Ruang IGD BRSU Tabanan
Instalasi Gawat Darurat (IGD) merupakan salah satu bagian dari rumah
sakit dimana seorang perawat mengalami beban kerja yang tinggi adalah yang
menjadi tujuan pertama kali pasien yang mengalami keadaan darurat untuk segera
mendapatkan pertolongan pertama. Sehingga perawat yang bertugas di IGD selalu
ada setiap saat karena pasien atau orang yang membutuhkan pelayanan di IGD
dapat datang setiap waktu. Perawat di IGD dalam pengabdiannya tidak hanya
berhubungan dengan pasien, tetapi juga dengan keluarga pasien, teman pasien,
rekan kerja sesama perawat, berhubungan dengan dokter dan peraturan yang ada
di tempat kerja serta beban kerja yang terkadang dinilai tidak sesuai dengan
kondisi fisik, psikis dan emosionalnya. Melihat beban pekerjaan yang dilakukan
oleh seorang perawat di IGD dapat menjadi suatu permasalahan yang serius dalam
kualitas pelayanan kepada pasien (Almasitoh, 2011).
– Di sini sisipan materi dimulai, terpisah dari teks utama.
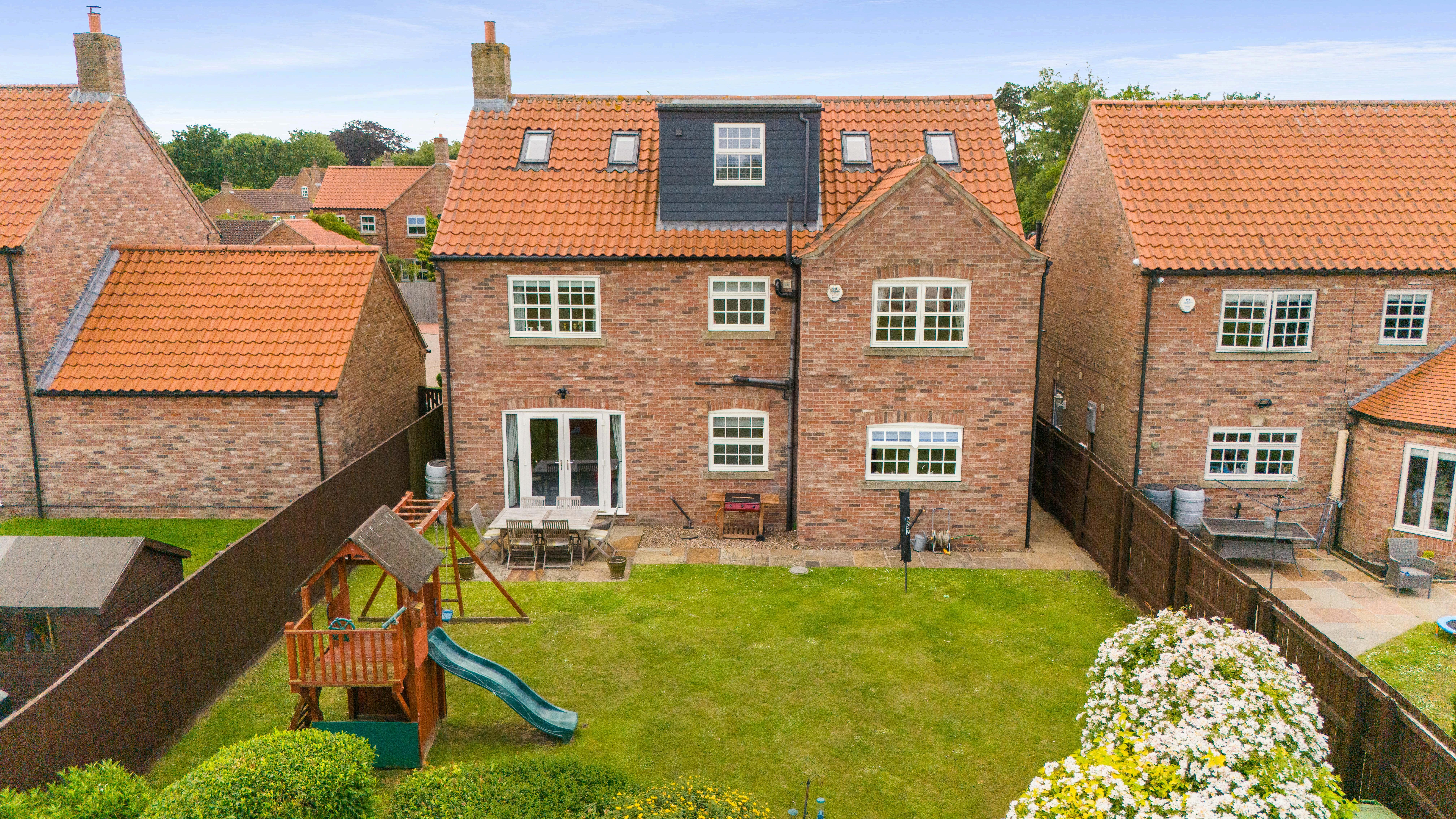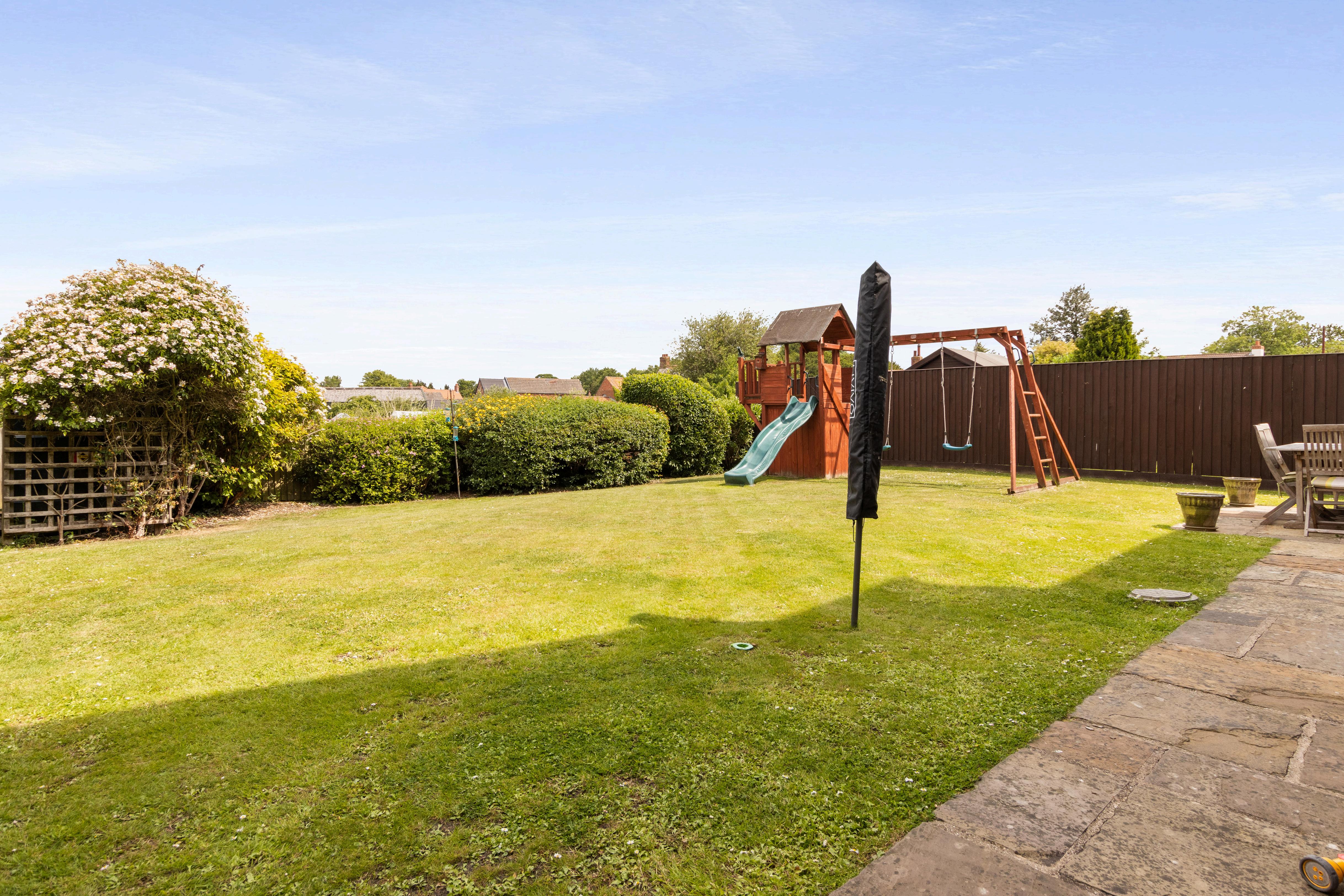 The rear garden is ideal for both relaxation and family use, with paved patio areas for outdoor dining and BBQs, lawns for children’s play, and mature borders that frame the open countryside beyond. A gated pathway provides access to the side of the property, while practical storage areas are discreetly positioned.
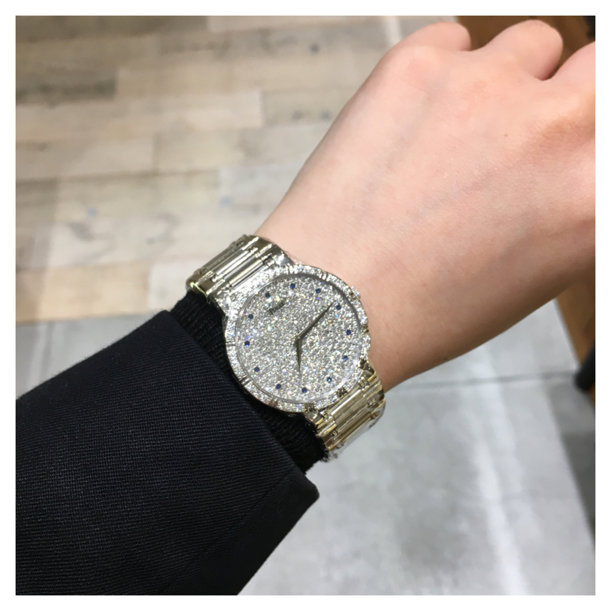 K18ホワイトゴールド製。ケース全体にダイヤモンドがセッティングされたラグジュアリーなデザインです。
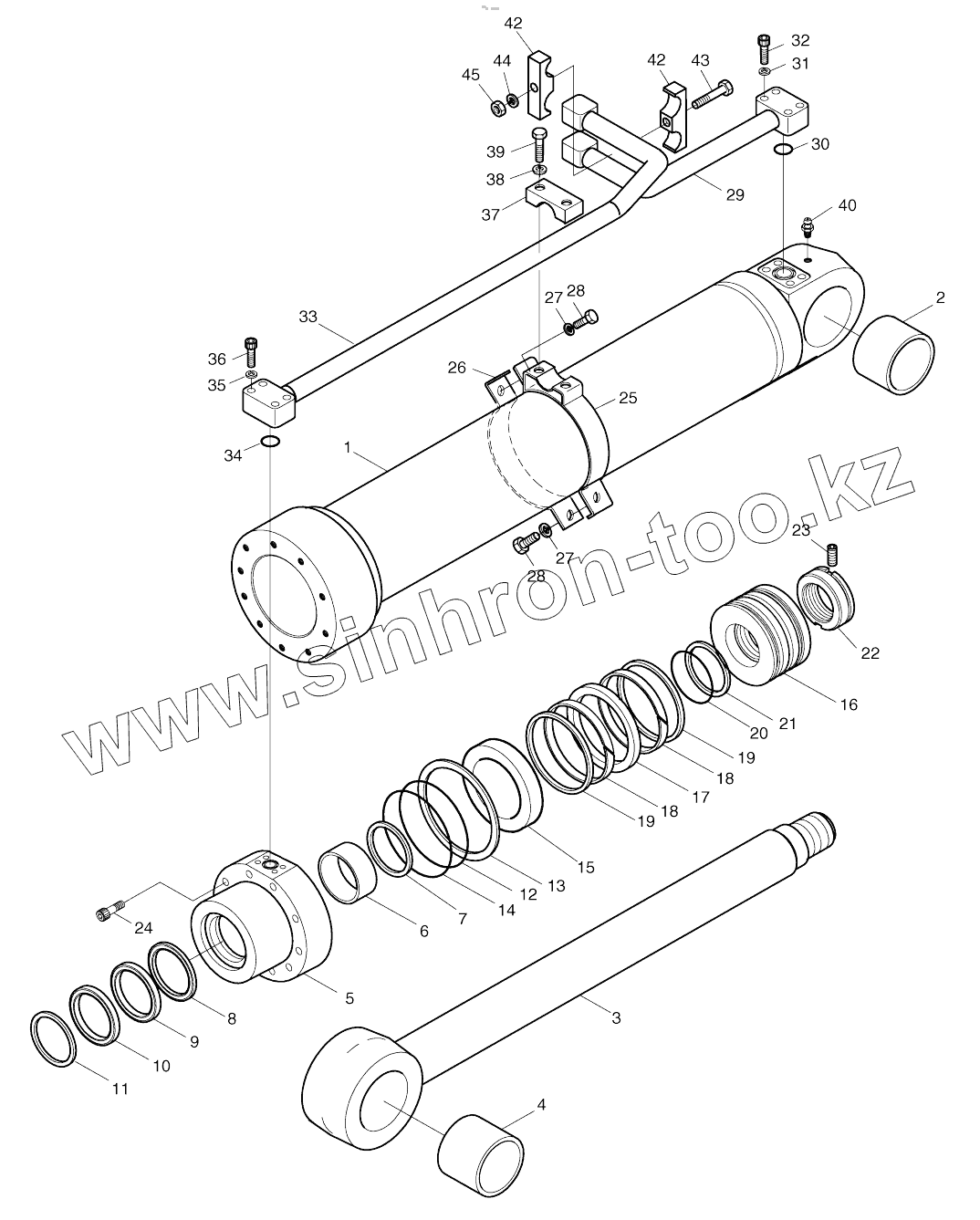Каталог запасных частей к технике: Doosan SOLAR 160W-V. BOOM CYLINDER(R.H)-ARTI.BOOM
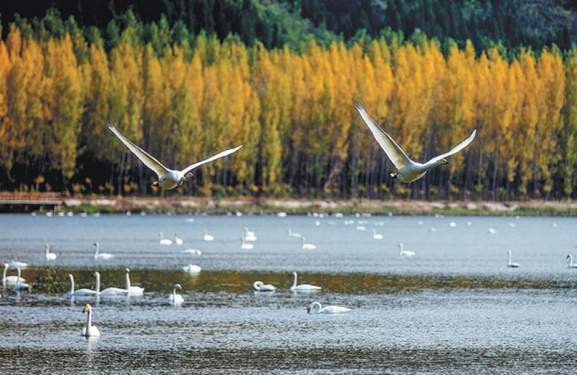 The Yellow River wetland in Pinglu county is now a habitat of migrant birds like swans, thanks to its improved environment. (China Daily/Liu Wenli)
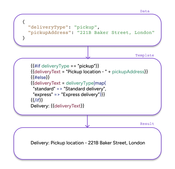 You can build more advanced logic inside #if / #else blocks in the Modern engine. It’s now possible to combine use map function and calculated properties when producing a single result.
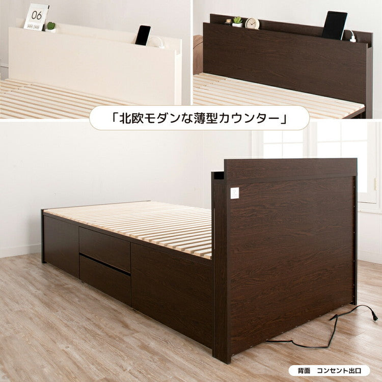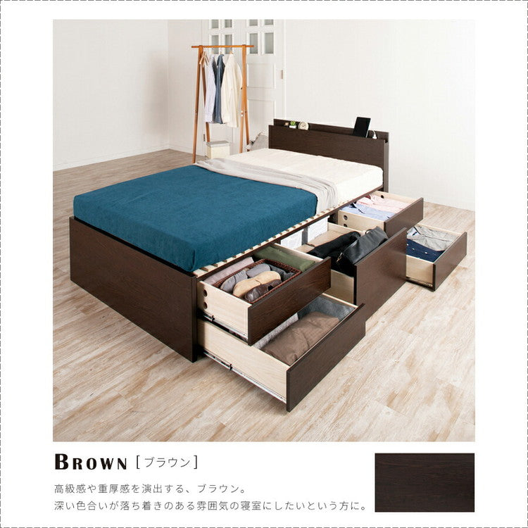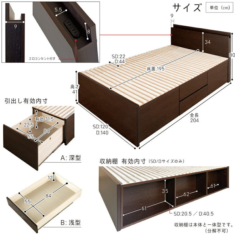 引き出しの奥行き(内寸)84cm で、たっぷり収納できるチェストベッドです。
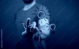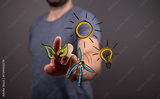 Sustainable energy concept. Hand interacting with digital icons of sun, plant, wind turbine, and lightbulb.
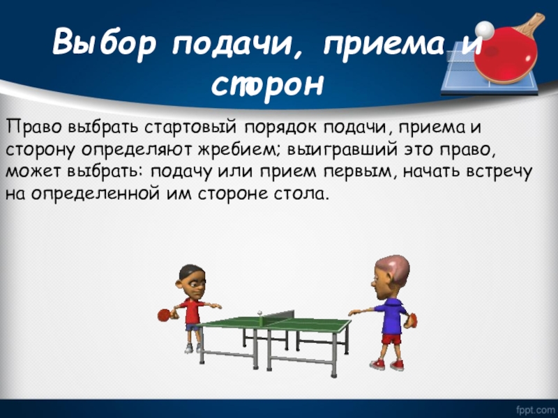 сторону определяют жребием; выигравший это право, может выбрать: подачу или прием первым, начать встречу на определенной им стороне стола.
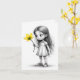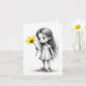 Um esboço de uma jovem com cabelo comprido segurando uma flor amarela enquanto a olha com uma maravilha de olhos largos.
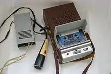 - В-третьих, для ламп нужен высоковольтный источник питания анодных цепей и низковольтный (но довольно мощный) — для подогрева катодов. В магнитофоне же требуется ещё и источник питания для электродвигателя. Таким образом, комплект батарей для портативного лампового магнитофона мог получиться довольно объёмным, тяжёлым и дорогим.
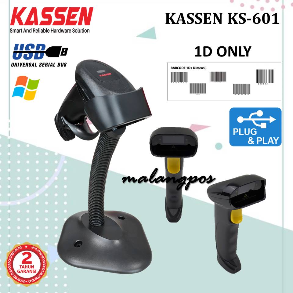 Detail KASSEN KS 601 1D BARCODE SCANNER WIRED LASER KS601 USB WITH STAND AUTO SCAN
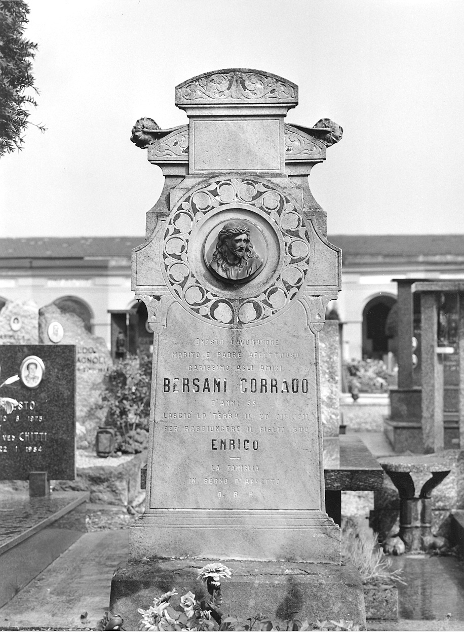 - ISCRIZIONI al centro - ONESTO LAVORATORE/ MARITO E PADRE AFFETTUOSO/ CARISSIMO AGLI AMICI/ BERSANI CORRADO/ D'ANNI 55/ LASCIO' LA TERRA IL 20 DIC. 1911/ PER RAGGIUNGERE IL FIGLIO SUO/ ENRICO/ LA FAMIGLIA/ IN SEGNO D'AFFETTTO/ G. R. P - lettere capitali - a incisione -
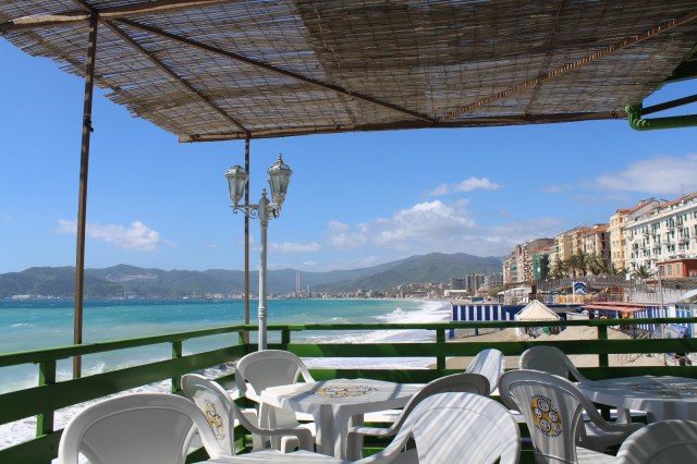 Käppäilemme kaikessa rauhassa pitkin Savonan katuja ja katsomme kartasta, että parin kilometrin päässä olisi hiekkaranta ja rantapromenadi. Suuntaamme meren rantaa kohti ohittaen pieniä kahviloita ja myymälöitä. Onpa rauhallista. Hiljalleen meri alkaa kimaltaa horisontissa ja vaahtopäiset aallot iskevät rantaan. Hiekkarannalla ei vielä tähän aikaan  keväästä ole ketään, sillä kova tuuli pitää lämpötilan matalana. Auringon paistaessa tarkenee kuitenkin välillä t-paidassakin.
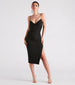 Effortless and romantic, this sleeveless midi dress is a staple to have for every occasion! It features a V-neckline with a twisted bust, spaghetti straps, a form-hugging silhouette, and a sultry front slit. The mid-length dress is stretchy and double-lined. Complete the look in rhinestone mules.
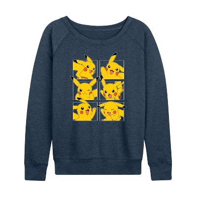 Women's - Pokémon - Pikachu Sled Lightweight French Terry Wide Neck Long Sleeve Graphic Shirt
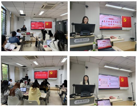 会议首先由党支部组织委员蔡甜领学《中国共产党章程》。蔡甜从党章的重要地位、作用、主要内容,尤其是党的二十大对党章内容的修订之处,进行了全面解读。学生代表朱奕晓、谢永达分别从入党宣誓仪式、党章与党史相结合的角度分享个人学习感受。
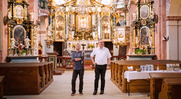 Autoři knihy, Michal Tryml a Zdeněk Dragoun, během poslední fáze výzkumu v chaberském kostele (foto M. Pavýza, 2014)
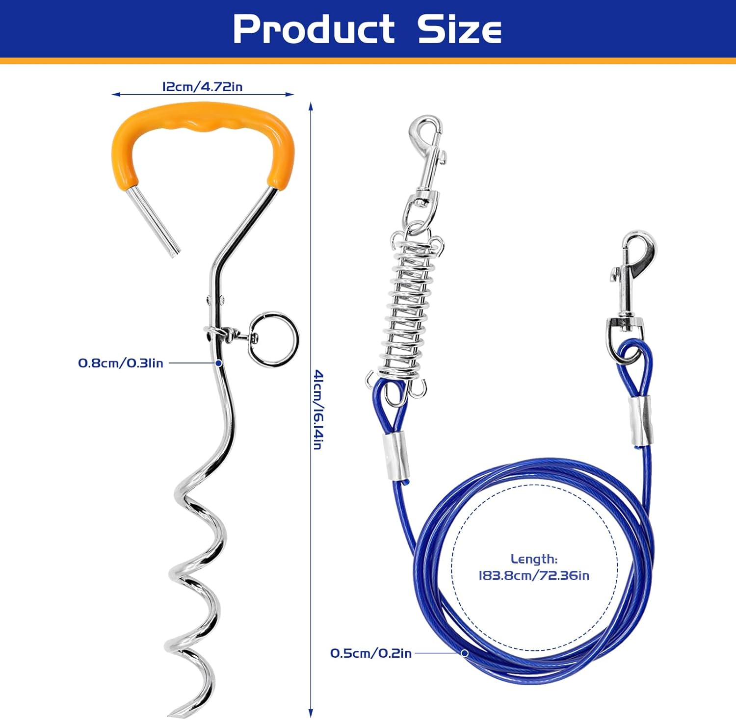 Aleker Dog Tie Out Cable and Stake, Heavy Duty Dog Spikes for Ground, Dog Stake for Camping, Puppy Pet Dog Stake and Dog Leash for Outdoor, Backyard or Camping (1.8m)

Beban kerja pada perawat merupakan salah satu permasalahan dalam
manajemen sumber daya manusia di Rumah Sakit (WHO, 2010 dalam Haruna,
2013). Beban kerja juga mempengaruhi kepuasan kerja seorang perawat
(Prabawati, 2012). Bekerja di ruang IGD dalam setiap kesempatan akan menemui
15

pasien yang memiliki karakteristik bervariasi yang berdampak pada kondisi dan
beban kerja yang berbeda. Untuk itu perawat harus sebagai komponen tenaga
serba bisa, memiliki inisiatif, berprilaku kreatif serta memiliki wawasan yang luas
dengan motivasi kerja keras, cerdas, ikhlas dan kerja berkualitas. Jenis pasien
yang dirawat di ruangan darurat rumah sakit dipandang sebagai tuntutan terhadap
pelayanan kesehatan, jika tidak dikelola dengan baik maka akan dapat
mempengaruhi tingkat kepuasan kerja perawat tersebut. Oleh karena itu beban
kerja yang ada juga harus dapat mengimbangi tingkat kepuasan kerja perawat
yang dimiliki oleh perawat.
Hasil penelitian Mastini (2013) yang berjudul Hubungan Pengetahuan,
Sikap Dan Beban Kerja Dengan Kelengkapan Pendokumentasian Asuhan
Keperawatan Irna Di Rumah Sakit Umum Pusat Sanglah Denpasar menyatakan
bahwa beban kerja perawat sangat berpengaruh terhadap kelengkapan
pendokumentasian asuhan keperawatan di ruang medical surgical RSUP Sanglah
Denpasar, dimana beban kerja sebagian besar tergolong katagori tingkat tinggi
(70%) dan 30% tergolong sedang. Hasil penelitian yang dilakukan oleh
Mustriawati (2013) yang berjudul Hubungan Motivasi Dengan Kepuasan Kerja
Perawat Di Ruang Angsa Dan Ruang Kaswari RSUD Wangaya menunjukkan
bahwa dari 26 responden sebagaian besar perawat yaitu sebanyak 15 orang atau
46,9% mengatakan cukup puas dengan pekerjaan yang dilakukannya. Hasil
penelitian Prabawati (2012) yang berjudul Hubungan Beban Kerja Mental Dengan
Stres Kerja Pada Perawat Bagian Rawat Inap RSJD Dr. R. M. Soedjarwati Klaten
menyatakan bahwa beban kerja mental tinggi 50 % dan 50 % beban kerja mental
sedang. Hasil penelitian Haryanti dkk (2013) yang berjudul Hubungan Antara
Beban Kerja Dengan Stres Kerja Perawat Di Instalasi Gawat Darurat RSUD
Kabupaten Semarang menyatakan bahwa beban kerja perawat sebagian besar
adalah tinggi yaitu sebanyak 27 responden (93,1%) dan yang rendah pada 2
responden (6,0%).
Hasil penelitian Solang dkk (2013) yang berjudul Hubungan Beban Kerja
Dengan Kinerja Perawat Dalam Mengimplementasikan Asuhan Keperawatan Di
Ruang IGD RSUD Prof. Dr. H. Aloei Saboe Kota Gorontalo menyatakan bahwa
16

beban kerja perawat sebagaian besar adalah berat yaitu sebanyak 56,7% dan
beban kerja ringan sebanyak 43,3%. Hasil penelitian Yanidrawati dkk (2011) yang
berjudul Hubungan Kepuasan Kerja Dengan Kinerja Perawat Di Ruang Rawat
Inap Rumah Sakit Umum Daerah Kabupaten Bekasi menyatakan bahwa perawat
sebagaian besar perawat merasa tidak puas dalam bekerja yaitu sebanyak 92,96%
dan hanya 7,04 % perawat yang merasa puas dalam bekerja.